Difference between revisions of "2001 IMO Shortlist Problems/G1"

Latest revision as of 14:07, 12 December 2011

Problem

Let $A_1$ be the center of the square inscribed in acute triangle $ABC$ with two vertices of the square on side $BC$ . Thus one of the two remaining vertices of the square is on side $AB$ and the other is on $AC$ . Points $B_1,\ C_1$ are defined in a similar way for inscribed squares with two vertices on sides $AC$ and $AB$ , respectively. Prove that lines $AA_1,\ BB_1,\ CC_1$ are concurrent.

Solution

Let $BC=a$ , $CA=b$ , $AB=c$ , $\angle BAC=\alpha$ , $\angle CBA=\beta$ , and $\angle ACB=\gamma$ . Let $A_2$ be the point on the other side of $BC$ than $A$ such that $BA_2C$ is an isosceles right triangle.
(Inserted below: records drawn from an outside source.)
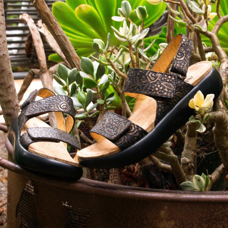 Tämän nahkasandaalin vampissa ja kantapäässä olevat kolminkertaiset koukku- ja silmukkahihnat tarjoavat äärimmäisen säädettävyyden ja turvallisuuden. mukavuuskokemus jatkuu pehmustettuun sisäpohjaan, välipohjaan ja liukastumista estävään tyylikkääseen keinuulkopohjaan rakennetulla kaarituella.
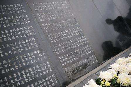 紀(jì)念臺上,鐫刻著地震中遇難者的名字 攝影 雷宇
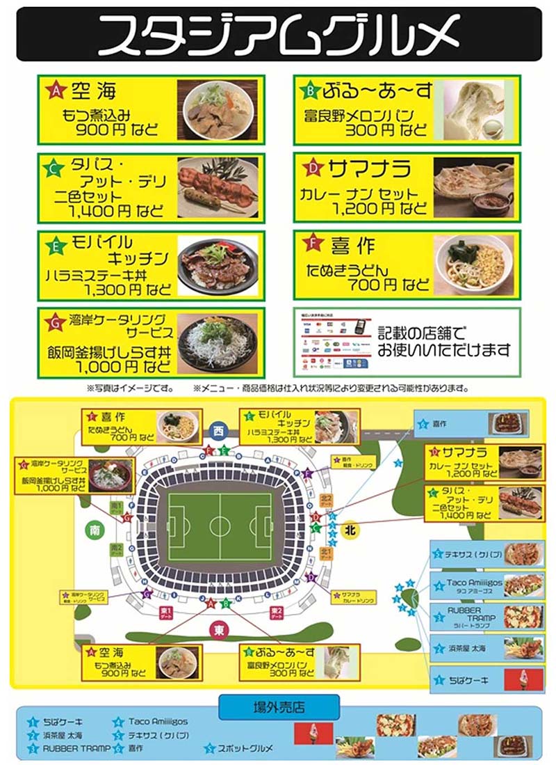 明治安田J1百年構想リーグのフクダ電子アリーナ飲食売店について、4月11日のスタジアムグルメ店舗の出店位置に一部変更がございますので、ご案内いたします。ジェフユナイテッド市原・千葉ホームゲームにおいては、ぜひフクアリグルメをお楽しみください。
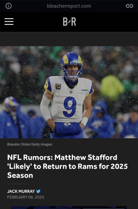 Yeah when you are using the word “likely” - it’s eye opening. Week ir two ago, I’d have thought “absolutely” return. Unless he was thinking retirement. But this is all from the Rams side; not him. He already said he’s definitely playing in 2025. Very interesting indeed
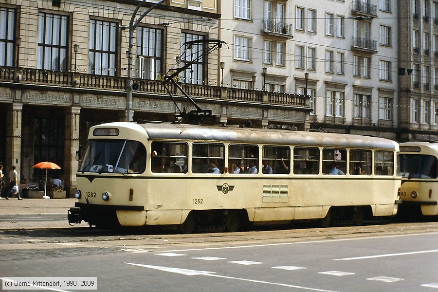 Straßenbahn Magdeburg - 1262 Triebwagen 1262 auf Linie 4 beim Hauptbahnhof, aufgenommen am 28. Juli 1990.
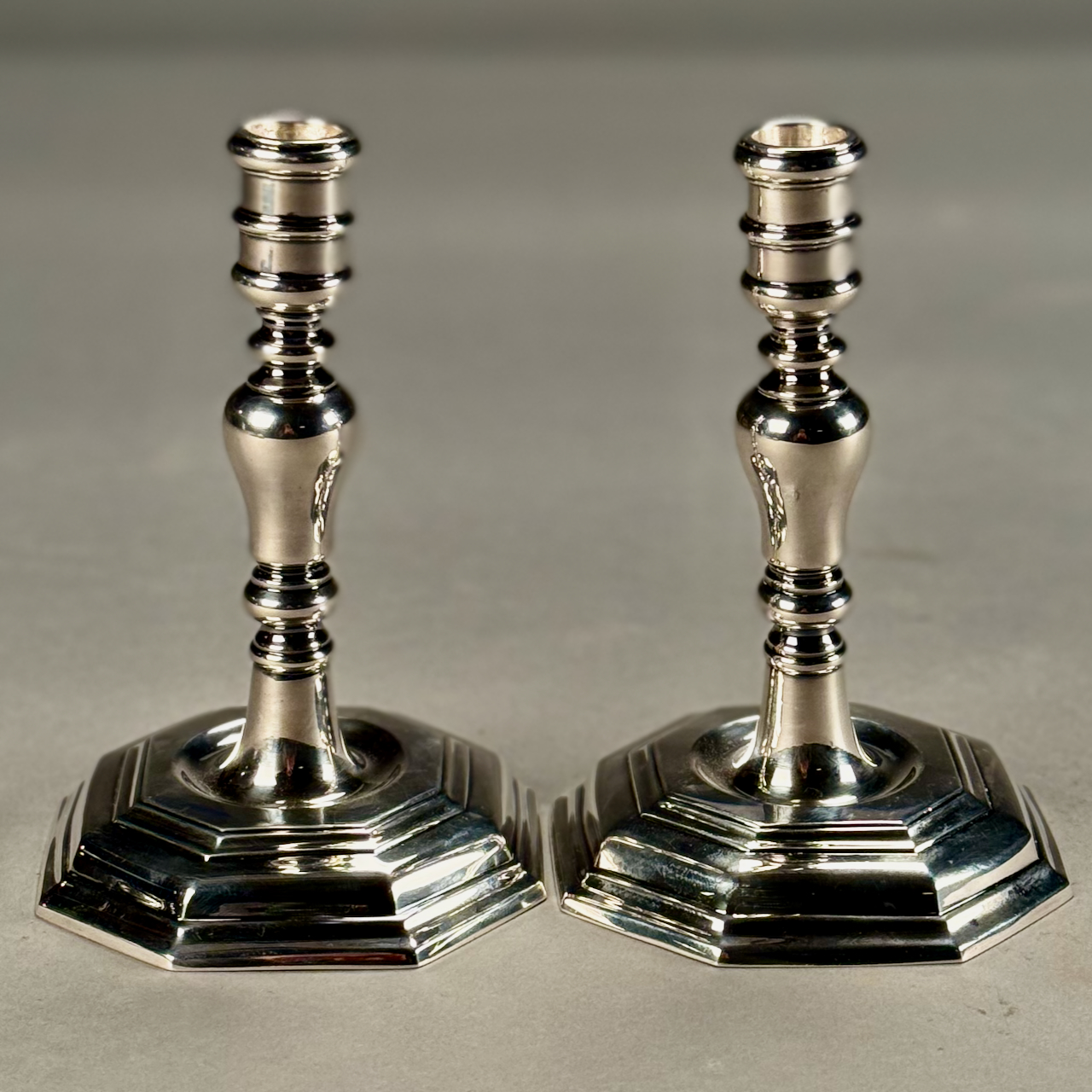 Home / ANTIQUE ESTATE AUCTION - FRI MARCH 27 AT 6 PM / LOT 065 PAIR OF TIFFANY & CO. STERLING SILVER CANDLESTICKS MARKED “TIFFANY & CO. STERLING DENMARK”. 6-1/2″(H), 25.4 OZT LOT 065 PAIR OF TIFFANY & CO. STERLING SILVER CANDLESTICKS MARKED “TIFFANY & CO. STERLING DENMARK”. 6-1/2″(H), 25.4 OZT Place a Bid Category: ANTIQUE ESTATE AUCTION - FRI MARCH 27 AT 6 PM Tag: auction Related products LOT 001 PAIR OF STERLING SILVER COLUMN CANDLESTICKS BY GORHAM MARKED A3207 EACH HAVING REMOVABLE BOBECHES. 10-1/4″(H) LOT 010 2 STERLING SILVER SHAKERS, ONE 6″(H) WITH BLURRED ENGLISH HALLMARKS, THE OTHER 6-1/2″(H) MARKED STERLING. 9 OZT LOT 022 STEPHEN G. MANIATTY, ‘BUCKET OF POSIES’, OIL ON CANVAS, SIGNED LOWER RIGHT, FRAMED. 38 X 36 LOT 009 48 PC STERLING SILVER FLATWARE SET IN THE “KING GEORGE” PATTERN BY GORHAM, 57 OZT (WITHOUT 16 KNIVES) MONOGRAMMED
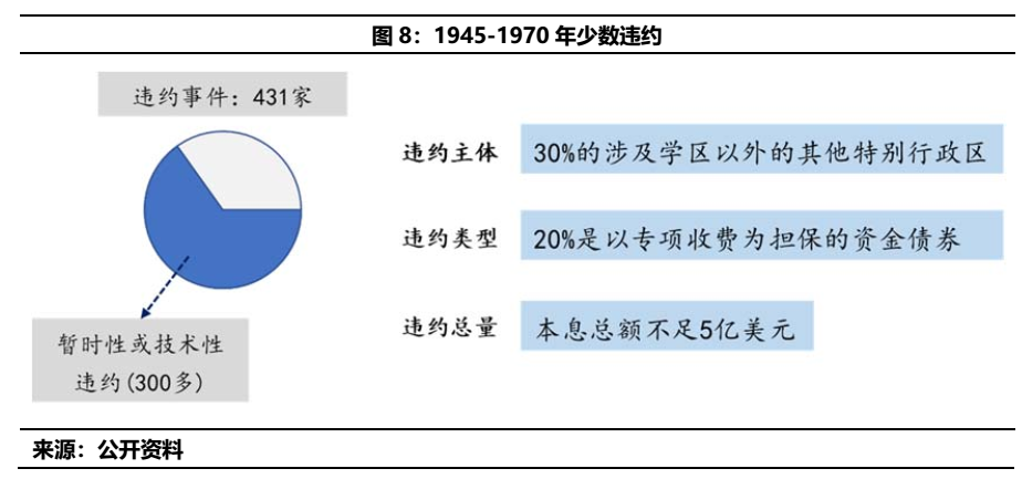 二戰結束后,美國經歷了將近30年的經濟繁榮,因此期間的地方政府違約較少。根據比較完整的統計,1945-1970年間,僅有431起違約,其中300多起涉及銀行查賬,屬于暫時性或技術性違約。同時這些案例中,涉及的投資者以地方政府所在區域的小銀行為主,影響范圍小。

Define $B_2$ and $C_2$ similarly. Let $E$ and $F$ be the points on $AB$ and $CA$ that are the vertices of the square centered at $A_1$ . We then have that $EA_1F$ is also an isosceles right triangle. It's clear that $EF$ is parallel to $BC$ , so $\triangle AEF\sim \triangle ABC$ and $\triangle A_1EF\sim \triangle A_2BC$ . The ratio of similarity of both relations is $\frac{EF}{BC}$ , which implies that quadrilaterals $AEA_1F$ and $ABA_2C$ are similar. Therefore $\angle BAA_2=\angle EAA_1$ and $\angle CAA_2=EAA_1$ . It then follows that $A$ , $A_1$ , and $A_2$ are collinear. Similarly $B$ , $B_1$ , and $B_2$ are collinear, as are $C$ , $C_1$ , and $C_2$ . It therefore suffices to show that $AA_2$ , $BB_2$ , and $CC_2$ are concurrent.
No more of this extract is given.